There is still a robust debate among climate scientists when it comes to identifying links between sea ice loss and specific changes in far away weather patterns, and not everyone agrees that the findings of the new study are conclusive. More modeling is needed to clarify the fingerprint of sea ice melt in the tropics, said Penn State climate scientist Michael Mann.
But especially in the context of other similar recent studies, the new research offers more evidence that Arctic sea ice decline sets off a chain of events that affects tropical Pacific winds and sea surface temperatures.

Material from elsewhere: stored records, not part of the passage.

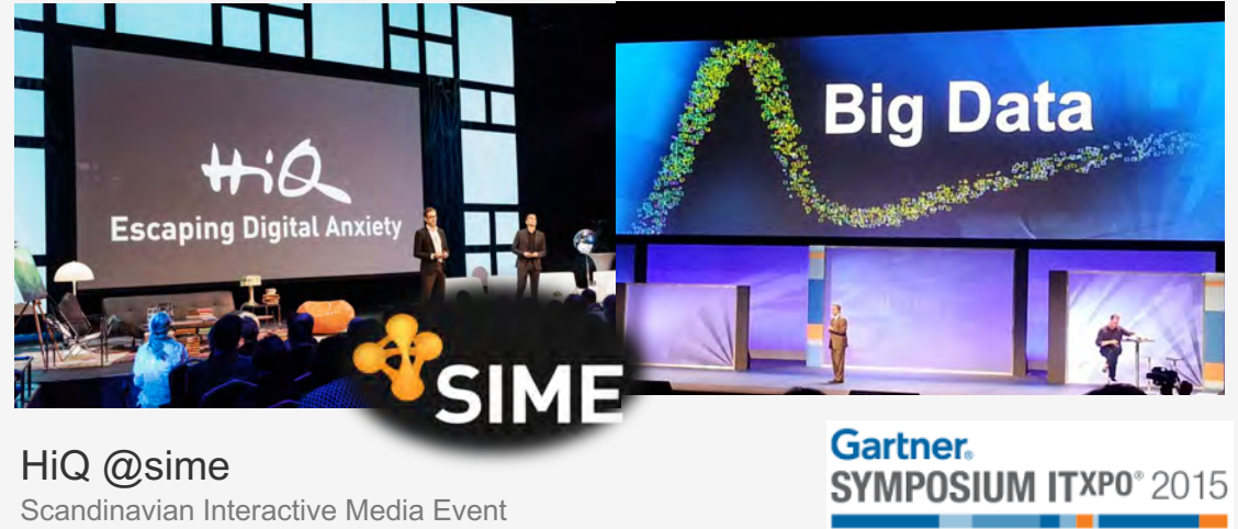
HiQ @sime Scandinavian Interactive Media Event
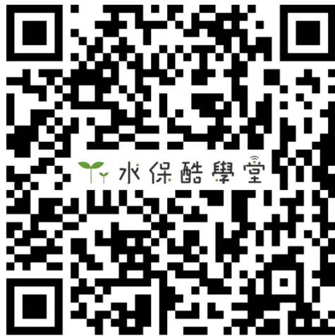
（水保酷學堂網址 QR Code）
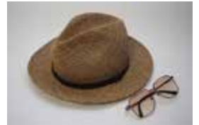
愛用の麦わら帽子とサングラス

It’s hard to imagine that the rapid decline of sea ice, the planet’s heat-reflecting polar shield, doesn’t change weather patterns in other regions, said Charlie Kennel, former director and professor emeritus at the Scripps Institution of Oceanography and a co-author of the new study.
“There’s a definite relationship and a change in tropical climate,” Kennel said.
Here’s how the connection works. As sea ice dwindles, larger areas of ocean water are exposed to the sun for much longer periods. Ocean water is darker than ice, and absorbs about 93 percent of the incoming heat (ice reflects up to 80 percent back to space).
According to the study, that warmer water creates convection—rising air— that goes to the top of the lower atmosphere, where it has “nowhere to go but south,” Kennel said. That movement goes hand-in-hand with recent shifts in weather patterns that have caused extreme cold outbreaks in the central U.S. and deadly flooding in Asia, he added.
In a secondary, complex link, that vertical wave of air is then reflected northward again, possibly weakening the Aleutian low, a persistent weather pattern that usually spins off the southern coast of Alaska, steering storms toward the West Coast. Kennel said the impacts of that weakening aren’t yet fully understood, but may be related to the recent dramatic decline of sea ice in the Bering Sea.
A related 2017 study suggested that the chain of events caused by dwindling Arctic sea ice could reduce winter rainfall in California. In a hemisphere-spanning, two-step connection, “sea-ice changes lead to reorganization of tropical convection that in turn triggers an anticyclonic response over the North Pacific, resulting in significant drying over California,” the researchers wrote in the journal Nature Communications.
Changes to central Pacific El Niños are at the heart of the new research. El Niño is the warm phase of a multiyear temperature cycle in the equatorial Pacific Ocean that can bring flooding rains to some areas, and crop-killing droughts to others. It can even affect the frequency and location of tornado outbreaks, according to the National Oceanic and Atmospheric Administration.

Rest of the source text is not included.